Scale and size of a simple GPT model

I want to see where the action happens and what percentage of the model's "horse power" is dedicated to what tasks.

Even though attention gets all the fame, most of the parameters aren't in attention at all - they are in the feed-forward networks and the embedding layers.

Parameter distribution in GPT-2 Small

Out of 124M trainable parameters in GPT-2, how are they divided into different tasks?

GPT-2 Small (124M)

  • Total number of parameters: 163,009,536

  • Number of trainable parameters considering weight tying: 124,412,160

  • Token embeddings, essentially a huge vocab table (50,257 tokens x 768 embeddings): 38,597,376 (31%)

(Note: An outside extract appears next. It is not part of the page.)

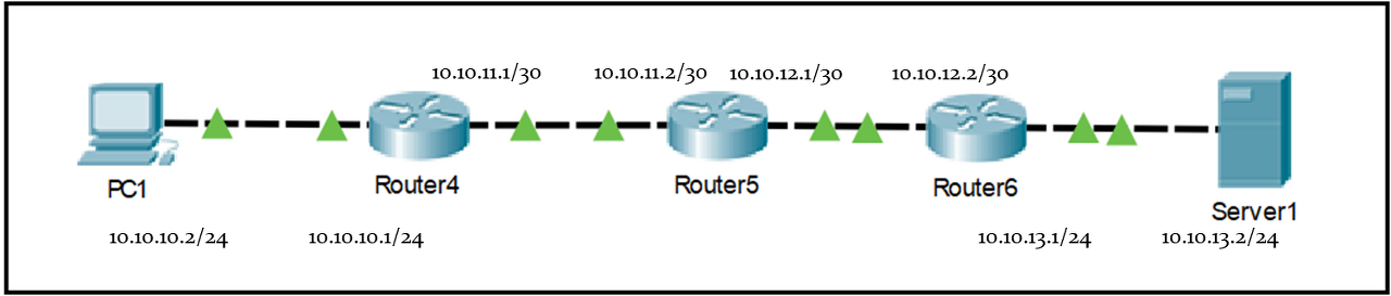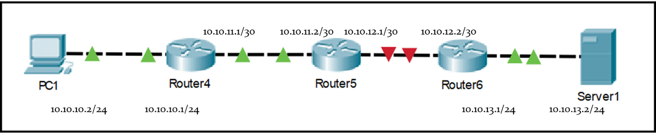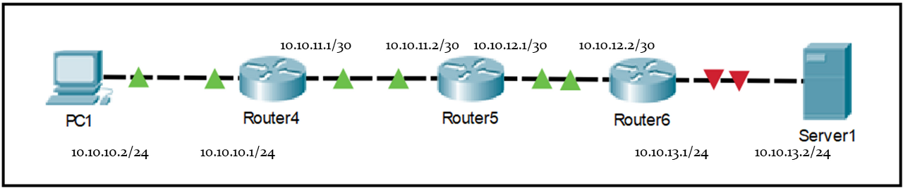 우선 PC1에서 Server1으로 ping이 되도록 static 라우팅 설정을 해줍니다. "사랑에는 일방통행이 있을지라도, 라우팅에는 일방통행이란 없다" 당연한거 아임까? PC1과 Server1이 서로 통신이 되도록 하려면, 쌍방통해이 되도록 가는 길, 오는 길을 각각 모두 뚫어 주어야 합니다. 가는길은 PC1, Router4, Router5에 각각 static routing 설정을 해 주어야 합니다. Router6는 스태틱 라우틸 설정 안하나요? 이제는 이런 질문 하면 안됩니다. 마지막 hop 라우터는 host와 Connected 라서 따로 routing 설정을 안해도 된다는 사실을 이제 우리는 모두 알고 있습니다. 가는길을 설정 했으면, 오는 길도 설정합니다. Server1, Router6, Router5에 static route 설정을 합니다. Router4는 당근 PC1과 Connected이므로 라우팅 설정 불필요임돠. 자 이렇게 가는 길, 오는 길 쌍방을 뚫었습니다. Ping 이 잘 가겠지요? 네, 잘 갑니다.

  • Total number of parameters in feed forward module: 4,722,432 x 12 heads = 56M (45%)

    • Each head has two big linear layers:
      • Up-projection: 768 × 3072 = 2.36 M
      • Down-projection: 3072 × 768 = 2.36 M
      • Total per block: ≈4.72 M
    • Multiply by 12 layers → ~56 M parameters.
    • That's nearly half the whole model!
  • Total number of parameters in attention module: 2,360,064 x 12 blocks = 28M (23%)

    • Q, K, V, O weights per layer
    • Each attention block:
      • W_Q weight matrix: 768 x 768 = 589,824 parameters
      • W_K weight matrix: 768 x 768 = 589,824 parameters
      • W_V weight matrix: 768 x 768 = 589,824 parameters
      • W_O weight matrix: 768 x 768 = 589,824 parameters
      • Total: 2.36M
      • Attention is mostly matrix multiplications on the fly, not heavy in stored weights.
  • Positional embeddings, LayerNorms, biases: ~1.4M (~1%)

  • Total size of the model (total number of parameters x 4 bytes (float 32) per parameter): 621.83 MB

  • GPT-2XL for comparison (768 → 1,600 embeddings, 12 → 48 layers, 12 → 25 attention heads):

    • Total number of parameters: 1,637,792,000
    • Number of trainable parameters: 1,557,380,800
    • Total size of the model: 6,247.68 MB

Attention = compute-heavy, few weights
Feed-forward = weight-heavy, cheap to run
Embeddings = giant dictionary

p. 123

Day 15 (Thu)

Started Chapter 5: Pretraining on unlabeled data

Finally finished the whole setup and scaffolding stage and getting to training and learning!

Before training, the model produces random next-token probability vectors. The goal of model training is to ensure that the probability values corresponding to the highlighted target token IDs are maximized.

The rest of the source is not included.